Tom imitated the laugh of a mad scientist in a Saturday-afternoon thriller. "Give me, give me," he chanted, reaching for the plate.

Luke watched Tom eat the sandwich.

"People don't realize how important a cheese sandwich can be," said Tom between bites. "They want steak or caviar. French stuff. Roast lamb where they put a little white paper hat on it for no goodly reason. But it's simple things that work best. Basic things."

He put down the sandwich, his head falling and his eyes clouded. He said, "I figure I've got about thirty seconds before I lose consciousness." Smiling at Luke, he slowly got to his feet and began to move.

Luke grabbed Tom just before he fell, and helped him struggle upstairs to his room. By the time he hit the bed, Tom was totally out, and Luke started pulling off Tom's clothes. Shoes, pants, shirt. Tom was down to shorts and socks, faceup, and Luke was trying to get him under the bedclothes, but Tom was so dead he was too heavy to move. Luke sat on the bed and looked at his friend. Stroked his hair, his arms, his legs. Pulled Tom's shorts off, thinking, I'm really doing this. Jumped up and threw his own clothes off till they were both down to socks, keeping an eye on Tom, fearful that he would suddenly wake.

"Tom?" he whispered, coming close to him. This is very close. This is Luke parking himself on the bed, line for line with Tom, and taking him in his arms, and making love to him.

Luke had pictured this countless times; he knew exactly what he wanted to do. His hands were all over Tom, fondling details he had memorized sometime long before: for instance, the hairs that had begun sprouting along Tom's chest, so fine they were virtually invisible unless you broke the rules and got this close; or the slight suggestion of an arrowhead in the tip of Tom's cock.

Luke was not shy. He kissed Tom's dead lips, his eyes and chest, and he ran his tongue over Tom from top to toe. Then he got down at the very center of Tom, hiked Tom's legs up to rest on Luke's shoulders, and began to swing on Tom's cock like the first pope happening upon the first altar boy. It wasn't one of your precedent-shattering dates, perhaps, nothing for the
Kama Sutra.
But it was close, very close; and for a small-town teenager who had never had all-out sex, much less nonconformist sex, it went rather well. By the end of it Luke was rubbing himself against Tom, terrified to see that Tom's eyes had opened but too caught up in his passions to back off; and Tom had his hands on Luke, expressing passions of his own, the two of them raging hard against each other, wet and gasping; and the two of them came.

Panting, winding down, thinking about it, Luke stared at Tom as near to unblinking as can be. But Tom's eyes were unwaveringly closed. He had done his homework and he was really asleep.

Luke got a towel from the bathroom and cleaned both their bodies of semen and sweat. Taking his friend by the sides and very gently turning him over, Luke managed to pull down the bedding and cover them both.
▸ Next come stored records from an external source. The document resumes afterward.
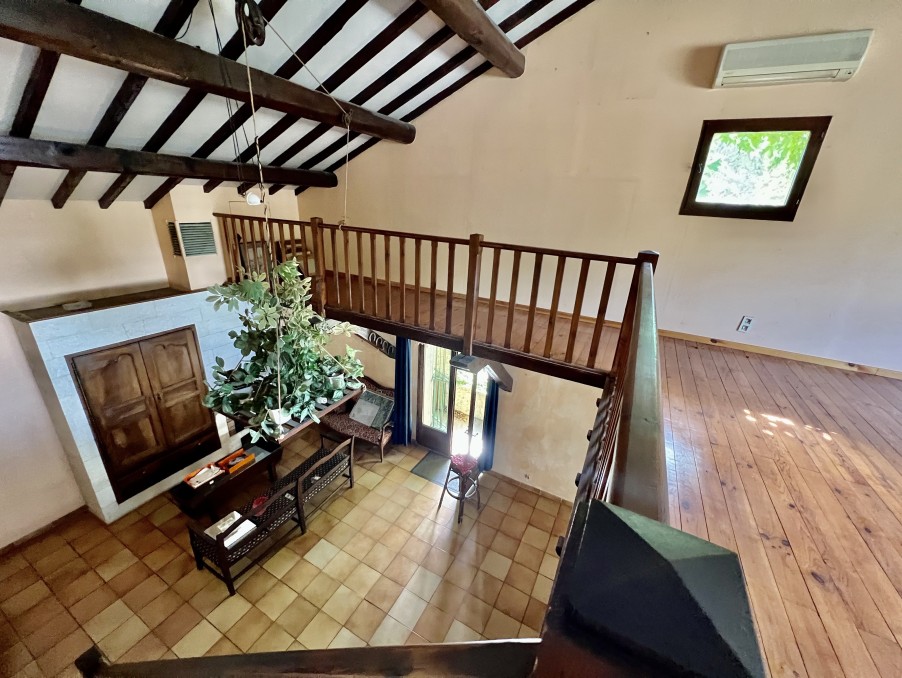 Maison avec jardin, sur deux niveaux, comprenant au rez-de-chaussée : une véranda, un vaste séjour-cuisine avec mezzanine ; 4 chambres, une salle de bains, une salle d'eau, un bureau, un atelier, un cellier et une buanderie. A l'étage, un studio indépendant. Terrasse, piscine, garage.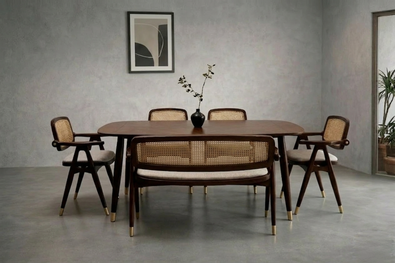 The Aranya Mid-Century Dining Table is an invitation to slow down and savor the art of gathering. Inspired by the fluidity of organic forms, this piece features a meticulously polished Acacia top that celebrates the wood’s natural character. Supported by slender, tapered legs finished with brushed brass ferrules, it balances vintage charm with a crisp, luxury aesthetic—perfect for the refined interior.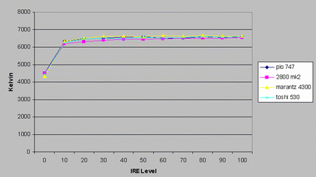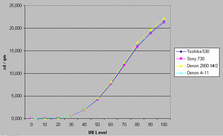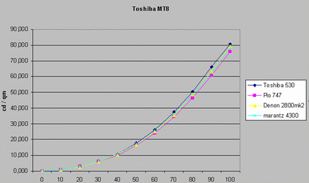 Die Unterschiede sind kaum zu erkennen. Dementsprechend gering sind die Auswirkungen der tatsächlichen Helligkeitsverteilung auf der Leinwand. Zur Überprüfung haben wir wieder zwei Testreihen durchgeführt. Bei der ersten wurden wieder ein Toshiba 530, ein Marantz 4300, ein Denon 2800 MK II und ein Pioneer 747 an einen Toshiba MT-8 angeschlossen: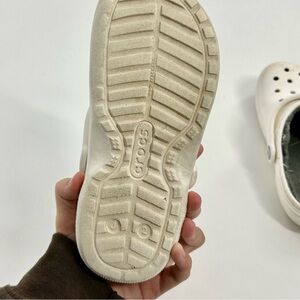 White Crocs Kid Youth Grey Fleece Lined Unisex Slip on Shoes size 2

Summer nights can be cool in that part of the world, and it felt fine under the covers with Tom, like so much of what they did and said a secret thing for them alone. Luke permitted himself the luxury of whispering Tom's name as he held him and nuzzled the back of his neck. He felt protective toward his friend, though he had taken advantage of him—cheated, perhaps even raped, him. In truth, the guilt that had begun to seep into him just after climax was now a flood. Yet it made Luke hold Tom all the more tightly: for he felt guilty not because he loved Tom but because he was abandoning him.
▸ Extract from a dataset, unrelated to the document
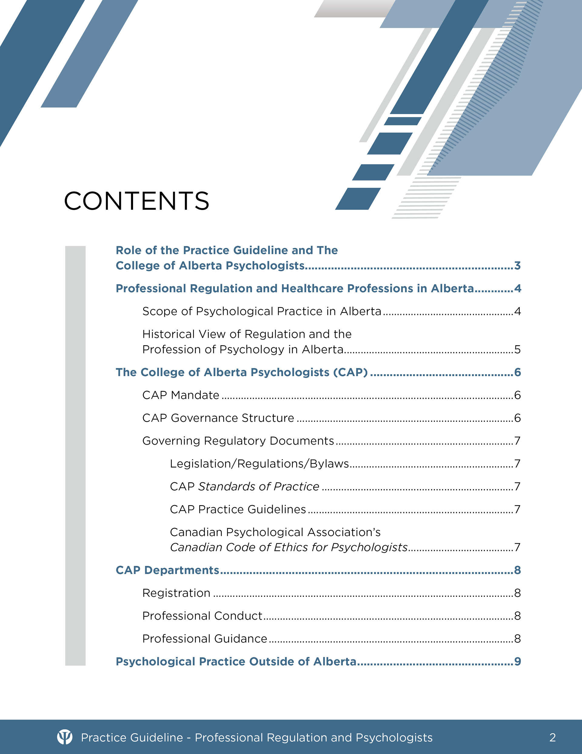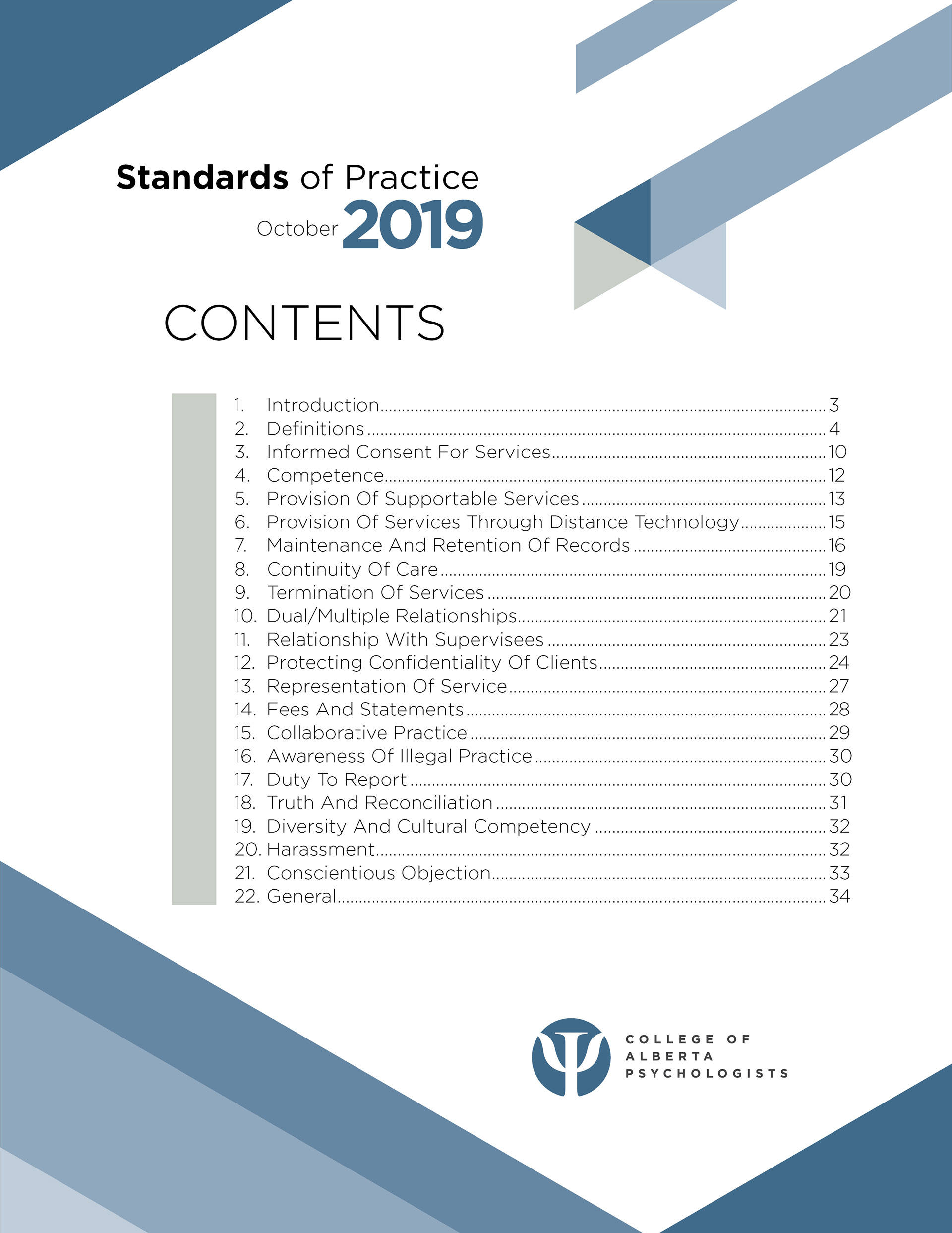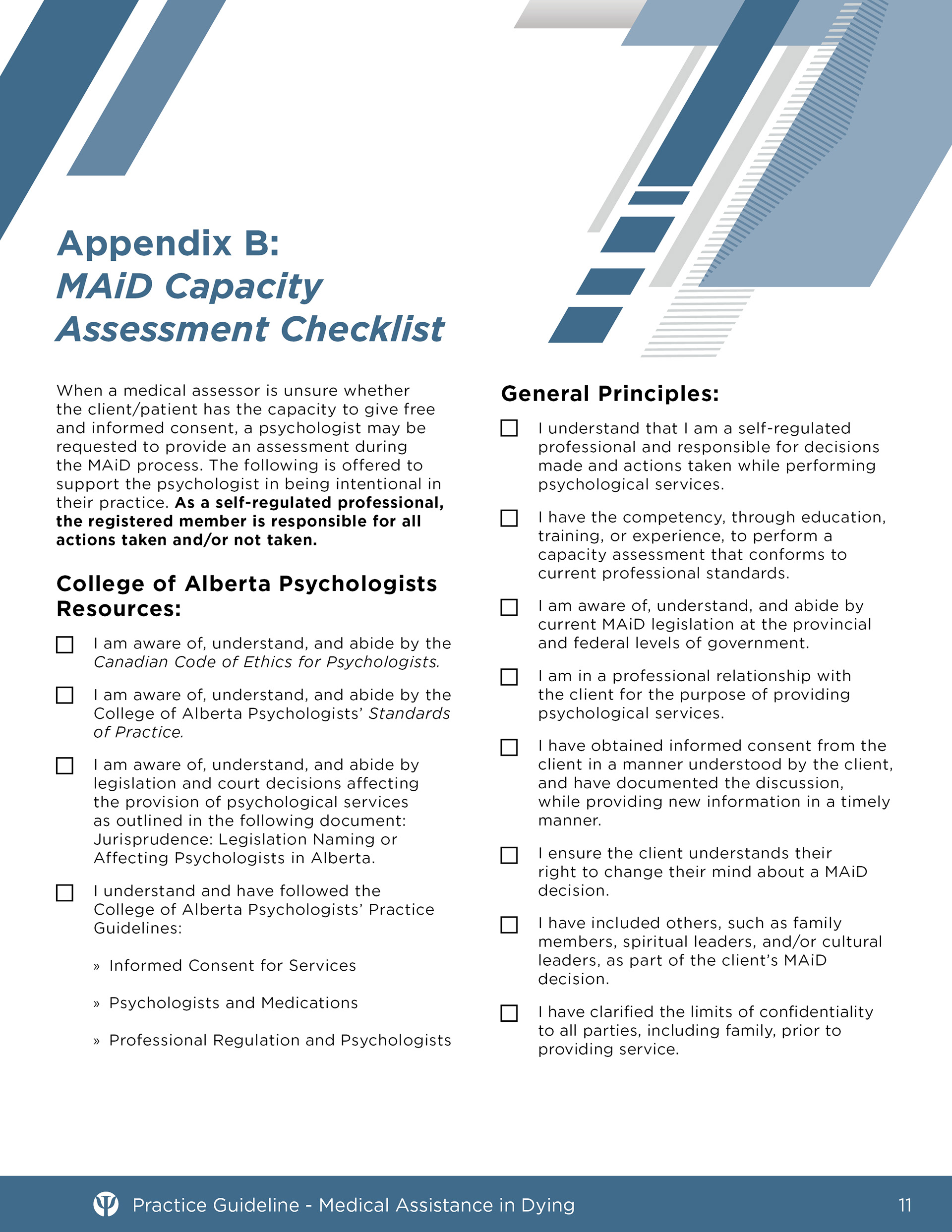 Samples of professional guidance documents for the College of Alberta Psychologists

It must have been between ten and twenty minutes that the two boys lay so. Then Luke said, "Tom?," and gave him a little shove. He was feeling braver, and a bit whimsical. He was feeling close; that made him happy.

Tom was clearly out for the night, so Luke got up, showered, dressed, and, just before he left the house, stood over Tom and said, "I won't let you down, buddy," and "You sleep well, now," and "Good night, Tom."

 

Now, directly after that night, three things occurred that altered forever how the three friends saw themselves and each other.

First, Tom became very changeable in his humors, sometimes so ebullient it seemed a performance, but more often withdrawn, almost inert.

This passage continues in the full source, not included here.